▶ Instructions for the task: Every record below should be transcribed exactly. Omit the images.

Data section section start

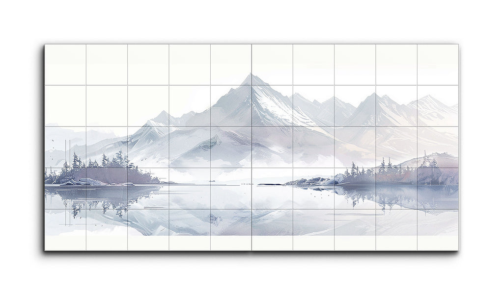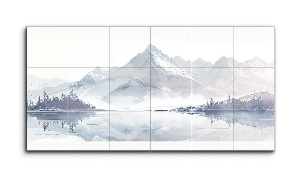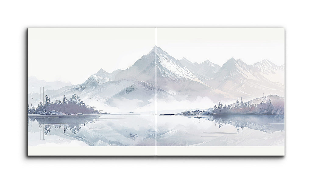 Dieses Diptychon-Fliesenwandbild fängt eine ruhige, kalte Berglandschaft mit einer gedämpften Palette aus sanften Weiß-, Grau- und dezenten Blautönen ein. Die sanften, schwungvollen Pinselstriche schaffen majestätische, schneebedeckte Gipfel und rufen eine Hochgebirgsumgebung hervor. Die Nadelbäume im Vordergrund sind minimal detailliert, während ihre Spiegelungen in einem ruhigen Gewässer die Friedlichkeit der Szene verstärken. Die moderne, minimalistische Ästhetik und die offene Komposition laden zur Betrachtung ein und bieten einen Panoramablick auf unberührte Naturschönheit.
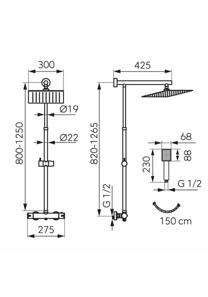 • distanta 150 ± 20 mm
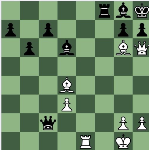 If the rook takes the bishop, then. 2…Qd1+ mates. If the bishop takes, then 2…Qf2+ and 3…Qe1 mate. So 2 Qe3 is forced, when the bishops are exchanged, and then: hg; there is no mate, with Bh7+ always being possible after Q-h file checks.
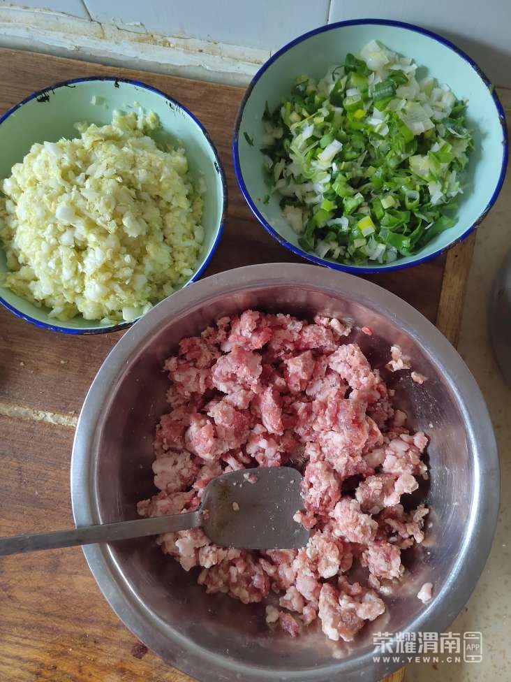 周末遇雨,懒得出门,家里还剩些过年的肉馅与蔬菜,便想着蒸一锅包子。说干就干,先出门吃了口早点,捎回一块豆腐、五根葱,便扎进厨房忙活起来。
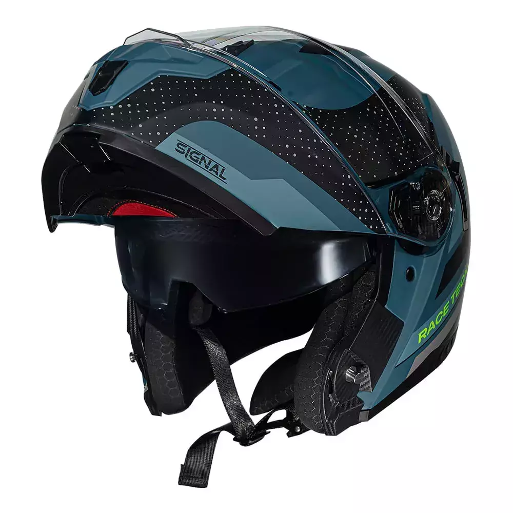 Capacete Race Tech Signal Gear Escamoteável Azul Preto Fosco
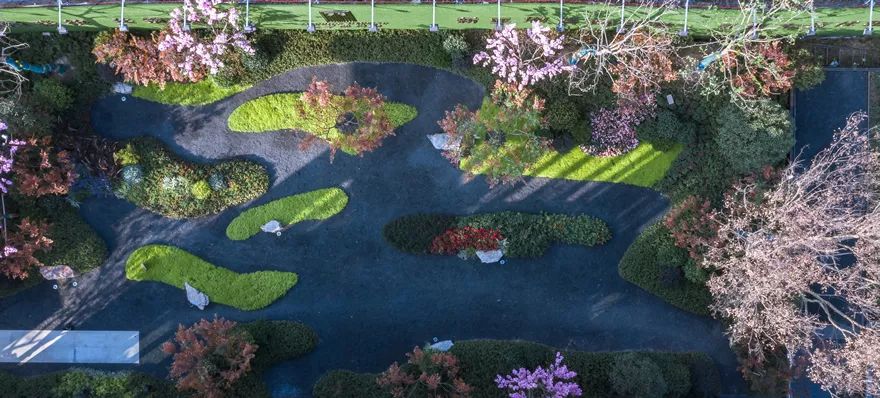 規(guī)劃承東方禮序,沿襲季子文化公園空間結(jié)構(gòu)精髓,以季子品德“德、禮、義、品”進行功能布局,形成“雙軸帶一環(huán)多節(jié)點”的景觀空間布局。尊重城市肌理延續(xù)傳統(tǒng)理念,本案以自然式造景手法為主,平緩起伏的草坡、群落成蔭的樹林、匍匐低矮的灌木叢、點綴的景石、蜿蜒的水體、曲折的步道所構(gòu)成的立體多變的景觀場所,賦予環(huán)境以文化內(nèi)涵和現(xiàn)代功能,體現(xiàn)著東方靜謐的美學意境。
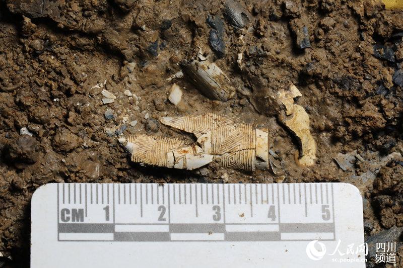5号坑象牙雕刻残片。四川省文物考古研究院供图
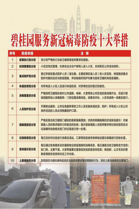 首先,在管理方面,碧桂园服务进行了抗疫模式的创新,据悉,本次疫情期间,碧桂园服务提出了“10+N防疫模式”,即“10大社区防疫标准措施+N项创新特色防疫措施”。
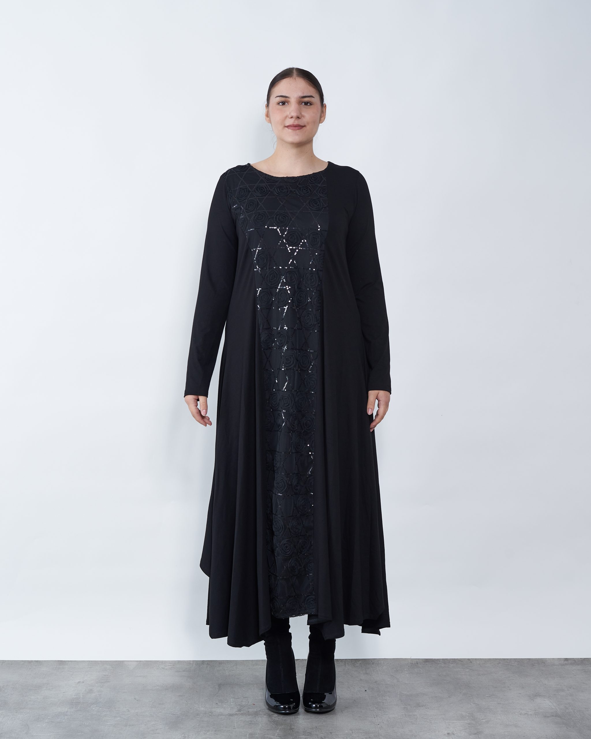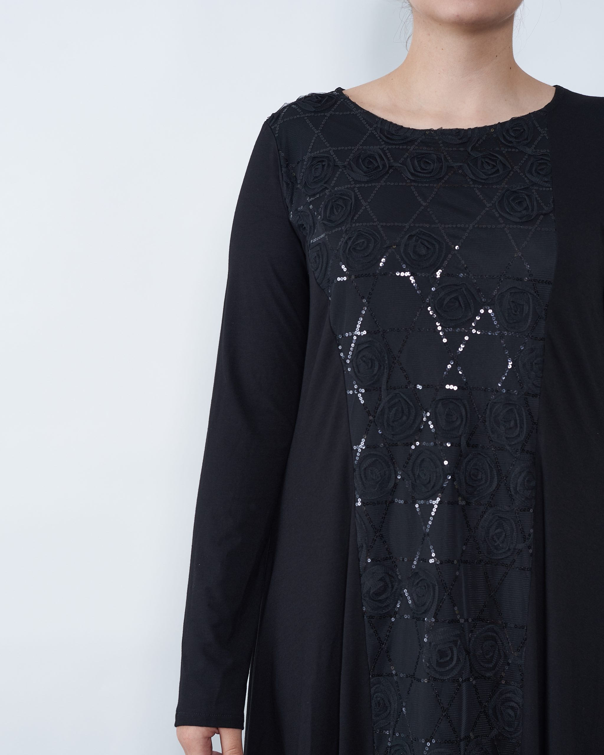 Haljinu krasi umetak od crne čipke koji vizualno izdužuje figuru.
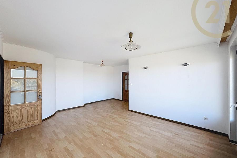 Le séjour se distingue par de grandes baies vitrées qui apportent une abondante lumière naturelle. La cuisine peut être entièrement rénovée selon vos goûts. L’appartement comprend également deux chambres spacieuses avec accès direct à la terrasse, une salle de bains avec baignoire, des toilettes séparées et une cave pratique.
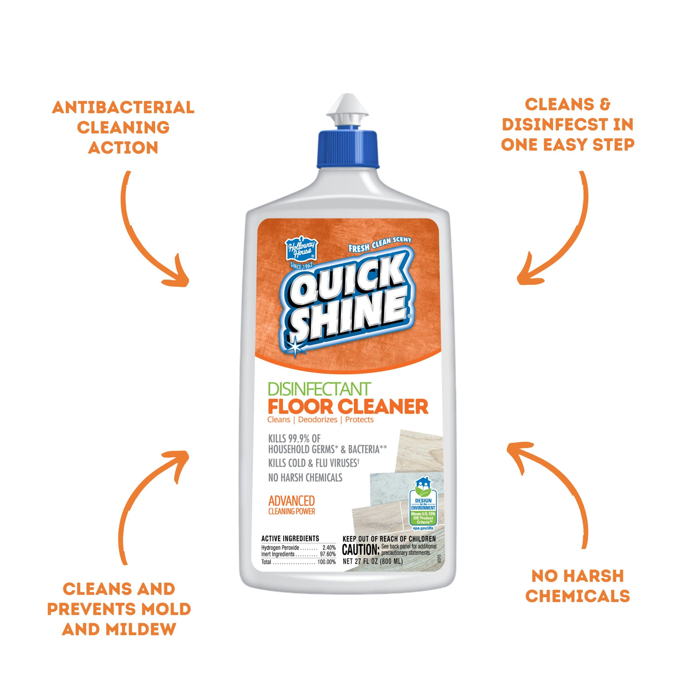 Quick Shine Disinfectant Floor Cleaner combines streak-free cleaning with antibacterial cleaning action from the trusted heritage of Hydrogen Peroxide.

Data section section end

▶ Exercise solution:
 Dieses Diptychon-Fliesenwandbild fängt eine ruhige, kalte Berglandschaft mit einer gedämpften Palette aus sanften Weiß-, Grau- und dezenten Blautönen ein. Die sanften, schwungvollen Pinselstriche schaffen majestätische, schneebedeckte Gipfel und rufen eine Hochgebirgsumgebung hervor. Die Nadelbäume im Vordergrund sind minimal detailliert, während ihre Spiegelungen in einem ruhigen Gewässer die Friedlichkeit der Szene verstärken. Die moderne, minimalistische Ästhetik und die offene Komposition laden zur Betrachtung ein und bieten einen Panoramablick auf unberührte Naturschönheit.
 • distanta 150 ± 20 mm
 If the rook takes the bishop, then. 2…Qd1+ mates. If the bishop takes, then 2…Qf2+ and 3…Qe1 mate. So 2 Qe3 is forced, when the bishops are exchanged, and then: hg; there is no mate, with Bh7+ always being possible after Q-h file checks.
 周末遇雨,懒得出门,家里还剩些过年的肉馅与蔬菜,便想着蒸一锅包子。说干就干,先出门吃了口早点,捎回一块豆腐、五根葱,便扎进厨房忙活起来。
 Capacete Race Tech Signal Gear Escamoteável Azul Preto Fosco
 規(guī)劃承東方禮序,沿襲季子文化公園空間結(jié)構(gòu)精髓,以季子品德“德、禮、義、品”進行功能布局,形成“雙軸帶一環(huán)多節(jié)點”的景觀空間布局。尊重城市肌理延續(xù)傳統(tǒng)理念,本案以自然式造景手法為主,平緩起伏的草坡、群落成蔭的樹林、匍匐低矮的灌木叢、點綴的景石、蜿蜒的水體、曲折的步道所構(gòu)成的立體多變的景觀場所,賦予環(huán)境以文化內(nèi)涵和現(xiàn)代功能,體現(xiàn)著東方靜謐的美學意境。
5号坑象牙雕刻残片。四川省文物考古研究院供图
 首先,在管理方面,碧桂园服务进行了抗疫模式的创新,据悉,本次疫情期间,碧桂园服务提出了“10+N防疫模式”,即“10大社区防疫标准措施+N项创新特色防疫措施”。
 Haljinu krasi umetak od crne čipke koji vizualno izdužuje figuru.
 Le séjour se distingue par de grandes baies vitrées qui apportent une abondante lumière naturelle. La cuisine peut être entièrement rénovée selon vos goûts. L’appartement comprend également deux chambres spacieuses avec accès direct à la terrasse, une salle de bains avec baignoire, des toilettes séparées et une cave pratique.
 Quick Shine Disinfectant Floor Cleaner combines streak-free cleaning with antibacterial cleaning action from the trusted heritage of Hydrogen Peroxide.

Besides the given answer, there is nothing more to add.